R native string function

>>> mm = "c:\\a\\b\\c"
>>> mm
'c:\\a\\b\\c'
>>> print(mm)
c:\a\b\c
    
>>> re.match("c:\\\\",mm).group()
'c:\\'

>>> ret = re.match("c:\\\\",mm).group()
>>> print(ret)
c:\
    
>>> ret = re.match("c:\\\\a",mm).group()
>>> print(ret)
c:\a
    
>>> ret = re.match(r"c:\\a",mm).group()
>>> print(ret)
c:\a
    
>>> ret = re.match(r"c:\a",mm).group()
Traceback (most recent call last):
  File "<stdin>", line 1.in <module>
AttributeError: 'NoneType' object has no attribute 'group'
>>>
Copy the code

instructions

In Python, a string preceded by r means a native string,

As with most programming languages, regular expressions use “\” as an escape character, which can cause backslash trouble. If you need to match the character \ in the text, you will need four backslashes in the regular expression in the programming language: the first two and the last two are used to escape into backslashes in the programming language, and two backslashes into a single backslash in the regular expression.

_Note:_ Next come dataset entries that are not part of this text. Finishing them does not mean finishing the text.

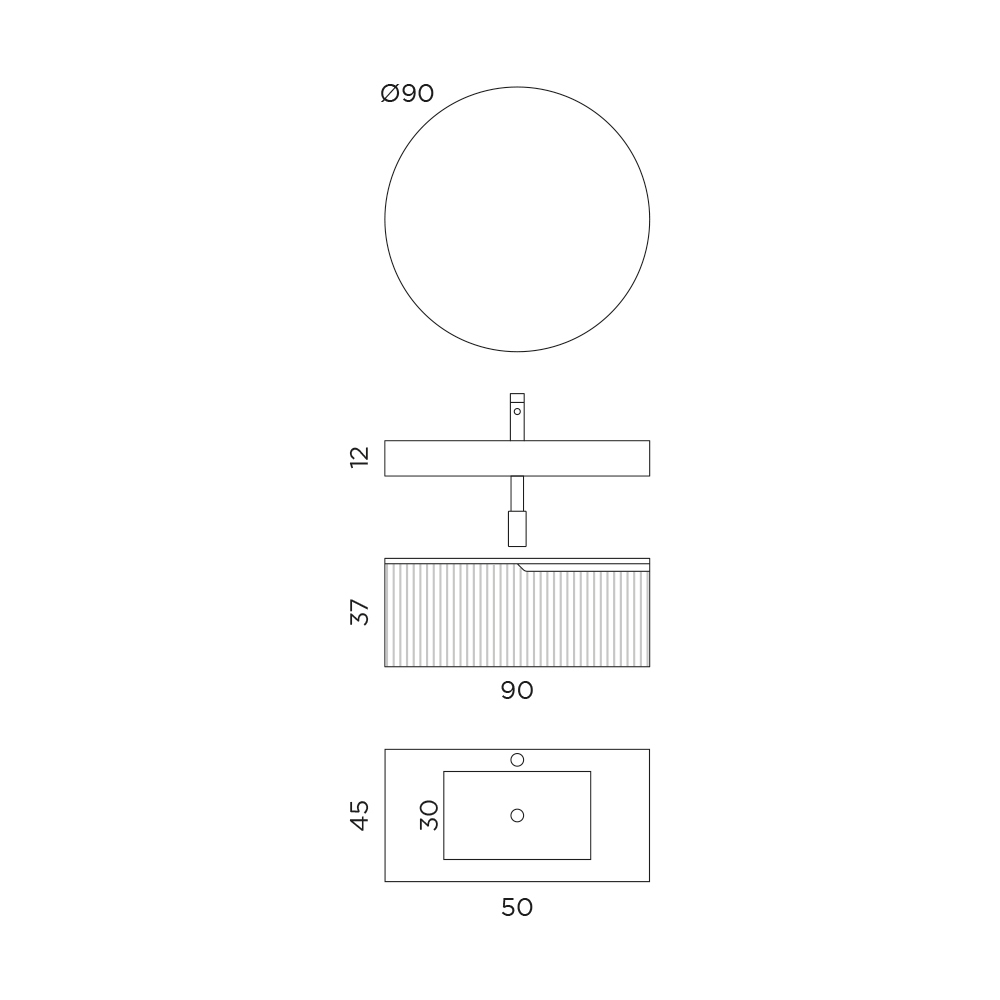 - Plateau avec vasque : Longueur 90 cm x Profondeur 45 cm x Hauteur 12 cm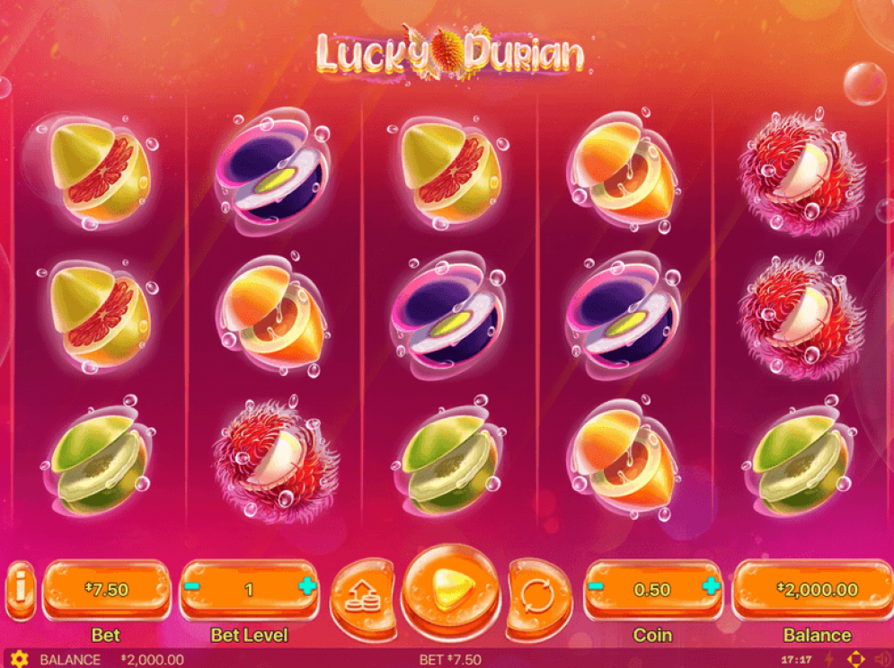 Lucky Durian places you among vibrant exotic fruits with a twist — the wild symbol is a durian fruit which, when it appears in a winning combination, expands to fill the entire reel. This expansion triggers the locked re-spin feature: once activated, the expanded wild remains in place and the remaining reels spin for up to three re-spins. The game uses classic fruit-slot visuals but with modern mechanics, delivering a blend of nostalgia and feature gameplay.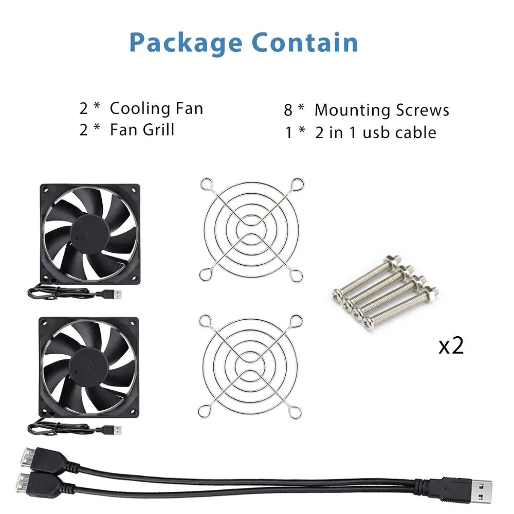 Посылка включает в себя: 2 шт. вентилятор + 2x80 мм защитная сетка вентилятора + 8x винты + 1x2 в 1 USB кабель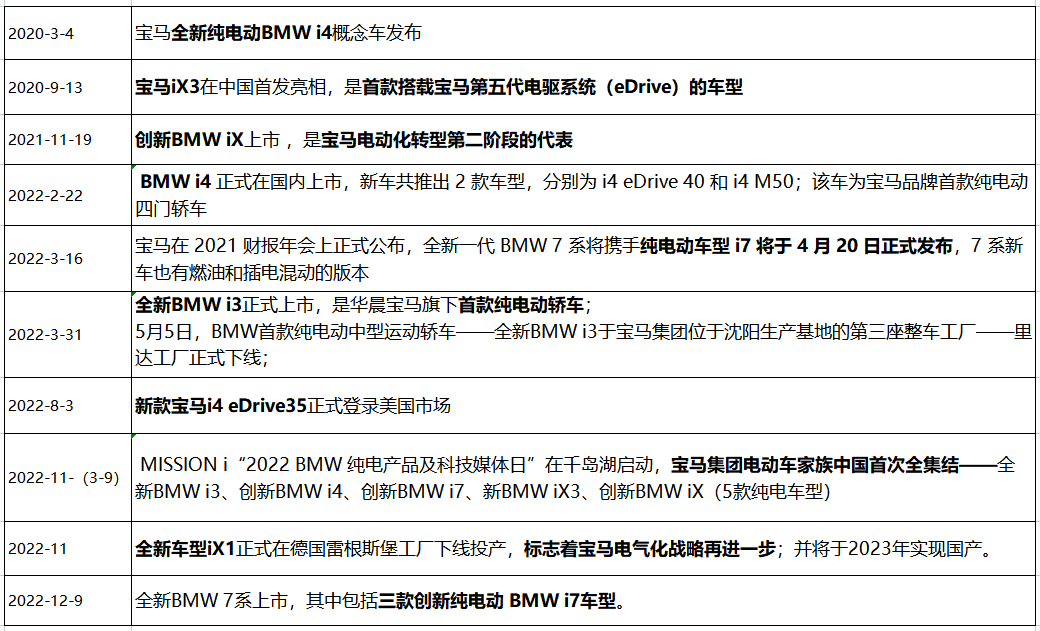 2022年11月3-9日, MISSION i“2022 BMW 纯电产品及科技媒体日”在千岛湖启动,宝马集团电动车家族5款纯电车型——全新BMW i3、创新BMW i4、创新BMW i7、新BMW iX3、创新BMW iX,首次在中国亮相,此外,宝马纯电动摩托车全新BMW CE 04也同场亮相。
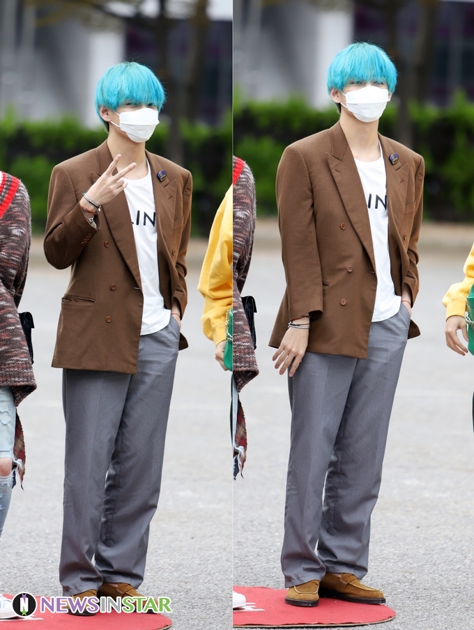 [포토인스타] 빨간머리에 이어 파란머리도 찰떡 같이 흡수하는 뷔! (뮤직뱅크 출근길)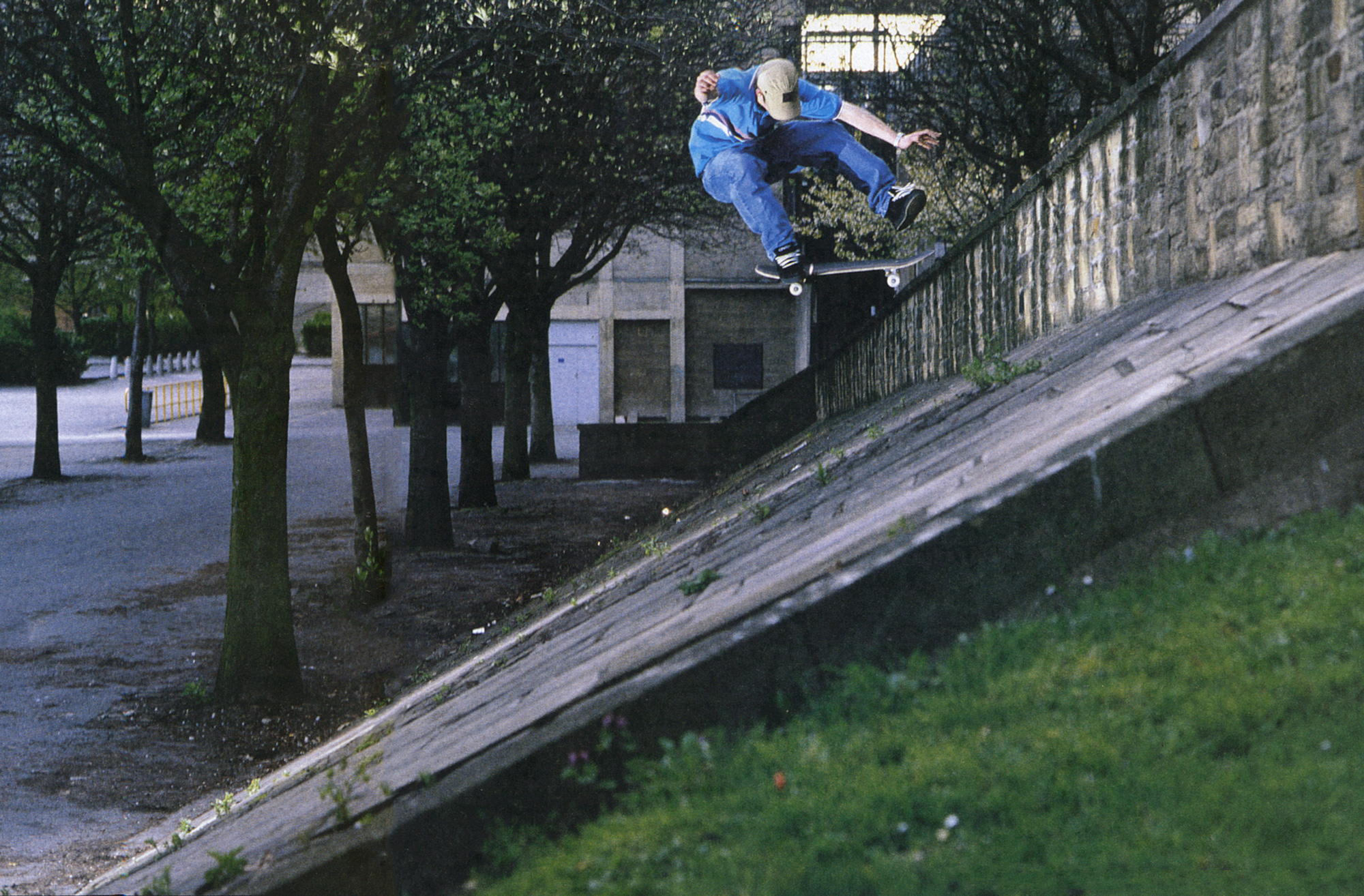 First brought to the attention of the national skateboarding consciousness in 1997, the ‘Man Bank’, (or the ‘banked wall by the cherry trees in the Orange Zone University carpark off Lodge Street’ to those unaware of this decrepit stone monolith’s alternative life as a skate spot) is sadly no more.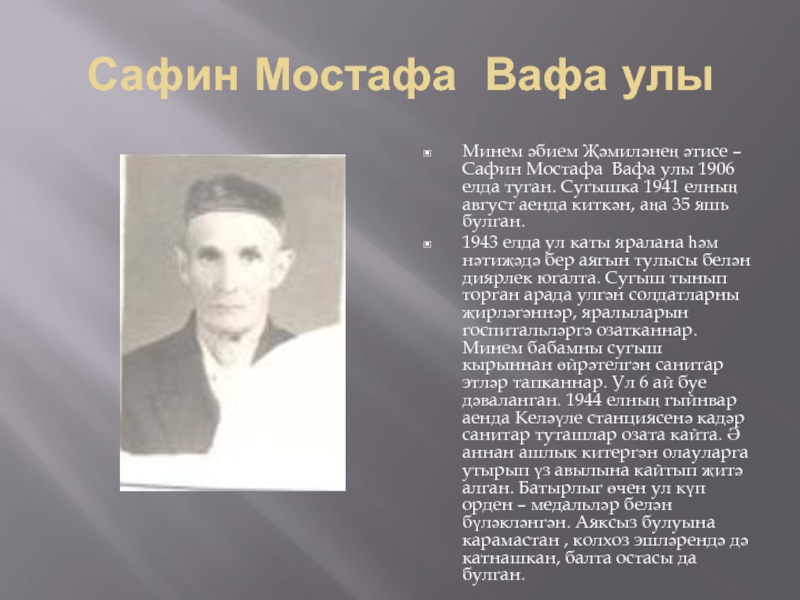 Сафин Мостафа Вафа улыМинем әбием Җәмиләнең әтисе – Сафин Мостафа Вафа улы 1906 елда туган. Сугышка 1941

Native strings in Python solve this problem nicely. With native strings, you don’t have to worry about missing backslashes, and the expressions you write are much more intuitive.

>>> ret = re.match(r"c:\\a",mm).group()
>>> print(ret)
c:\a
Copy the code


Integrated case

Matches whether the variable name is valid

# -*- coding:utf-8 -*-
import re

names = ["name1"."_name"."2_name"."__name__"]

for name in names:
    ret = re.match("[a-zA-Z_]+[\w]*",name)
    if ret:
        print("Variable name %s is valid" % ret.group())
    else:
        print("Invalid variable name %s" % name)
Copy the code

The results

Variable name name1 Meets requirements Variable name _name Meets requirements Variable name 2_name Invalid variable name __name__ Meets requirementsCopy the code


Matched an 8-to-15-digit code

The password can contain uppercase letters or digits, but must start with an uppercase letter

# -*- coding:utf-8 -*-
import re

pwds = ["W123456W"."wwj123456"."W123456789"."w123w"."W12345678abcdefg"]
pwd_pattern_str = "^ [a-z] [A - zA - Z0-9] {7, 14} $"

for pwd in pwds:
    ret = re.match(pwd_pattern_str, pwd)
    if ret:
        pwd = ret.group()
        print("Password %s meets requirements, length: %s" % (pwd, len(pwd)))
    else:
        print("Password %s is invalid" % pwd)
Copy the code


The running results are as follows:

Password W123456W The password must meet the following requirements.8Password wwj123456 Invalid password W123456789 The password must meet the following requirements:10Password w123w Invalid Password W12345678abcdefg Invalid passwordCopy the code


Regular expression online tool

Regular expression online tool at https://www.w3cschool.cn/tools/index?name=create_reg

This online tool provides the online generation function of common regular expressions, such as characters, URLS, postcodes, dates, and Chinese. It also provides various common languages, such as: Javascript, PHP, Go language, Java, Ruby, Python and other regular expression test statements for your reference.


The public,

Create a new folder X

Nature took tens of billions of years to create our real world, while programmers took hundreds of years to create a completely different virtual world. We knock out brick by brick with a keyboard and build everything with our brains. People see 1000 as authority. We defend 1024. We are not keyboard warriors, we are just extraordinary builders of ordinary world.